> _Problem statement_
When you reach the line containing "IMATGE D. Els" in the data below, begin returning lines exactly as written, and stop once the line containing "Prefeito Rogério Cruz" has been returned.

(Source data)
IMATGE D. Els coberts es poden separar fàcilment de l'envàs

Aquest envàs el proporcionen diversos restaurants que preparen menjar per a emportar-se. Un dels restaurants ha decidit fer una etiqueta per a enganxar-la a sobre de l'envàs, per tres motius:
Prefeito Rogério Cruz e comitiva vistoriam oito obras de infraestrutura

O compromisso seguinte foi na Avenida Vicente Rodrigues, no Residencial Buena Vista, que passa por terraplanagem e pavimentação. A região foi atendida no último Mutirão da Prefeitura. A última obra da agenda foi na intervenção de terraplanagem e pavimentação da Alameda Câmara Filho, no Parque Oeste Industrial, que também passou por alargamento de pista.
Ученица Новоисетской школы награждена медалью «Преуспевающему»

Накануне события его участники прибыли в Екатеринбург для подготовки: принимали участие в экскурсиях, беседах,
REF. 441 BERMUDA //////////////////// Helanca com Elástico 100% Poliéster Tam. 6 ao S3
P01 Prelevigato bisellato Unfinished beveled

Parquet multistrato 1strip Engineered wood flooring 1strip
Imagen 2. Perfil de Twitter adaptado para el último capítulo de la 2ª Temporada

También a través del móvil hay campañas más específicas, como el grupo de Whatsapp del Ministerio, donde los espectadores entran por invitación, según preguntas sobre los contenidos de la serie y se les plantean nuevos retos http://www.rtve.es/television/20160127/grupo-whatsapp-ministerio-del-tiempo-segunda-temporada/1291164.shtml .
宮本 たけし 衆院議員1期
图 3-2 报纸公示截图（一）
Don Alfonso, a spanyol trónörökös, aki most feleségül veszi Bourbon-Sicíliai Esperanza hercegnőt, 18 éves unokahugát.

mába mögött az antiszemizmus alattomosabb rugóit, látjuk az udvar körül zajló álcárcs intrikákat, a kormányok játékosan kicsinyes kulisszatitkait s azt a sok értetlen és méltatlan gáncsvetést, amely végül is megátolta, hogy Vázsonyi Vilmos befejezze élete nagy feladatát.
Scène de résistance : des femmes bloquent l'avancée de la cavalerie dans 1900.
* * *
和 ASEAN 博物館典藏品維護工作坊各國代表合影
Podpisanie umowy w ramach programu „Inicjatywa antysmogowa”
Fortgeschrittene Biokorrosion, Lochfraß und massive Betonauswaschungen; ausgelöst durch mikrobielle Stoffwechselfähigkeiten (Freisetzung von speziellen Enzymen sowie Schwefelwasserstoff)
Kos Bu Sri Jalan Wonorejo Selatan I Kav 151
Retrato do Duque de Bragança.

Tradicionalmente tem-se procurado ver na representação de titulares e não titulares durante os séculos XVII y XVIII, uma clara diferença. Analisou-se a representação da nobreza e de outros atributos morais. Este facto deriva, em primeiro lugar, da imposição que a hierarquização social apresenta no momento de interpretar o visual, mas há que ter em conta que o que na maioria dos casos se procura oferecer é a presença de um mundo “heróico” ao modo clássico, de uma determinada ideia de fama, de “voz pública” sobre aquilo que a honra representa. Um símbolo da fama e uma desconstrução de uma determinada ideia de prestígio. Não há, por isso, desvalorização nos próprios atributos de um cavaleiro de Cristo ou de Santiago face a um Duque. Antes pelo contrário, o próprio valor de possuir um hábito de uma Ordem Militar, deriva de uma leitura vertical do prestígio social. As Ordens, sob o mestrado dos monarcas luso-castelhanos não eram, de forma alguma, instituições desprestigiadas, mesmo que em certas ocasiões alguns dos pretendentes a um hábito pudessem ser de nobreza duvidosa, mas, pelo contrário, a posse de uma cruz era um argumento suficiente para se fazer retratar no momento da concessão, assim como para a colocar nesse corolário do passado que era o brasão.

> _Response_
IMATGE D. Els coberts es poden separar fàcilment de l'envàs

Aquest envàs el proporcionen diversos restaurants que preparen menjar per a emportar-se. Un dels restaurants ha decidit fer una etiqueta per a enganxar-la a sobre de l'envàs, per tres motius:
Prefeito Rogério Cruz e comitiva vistoriam oito obras de infraestrutura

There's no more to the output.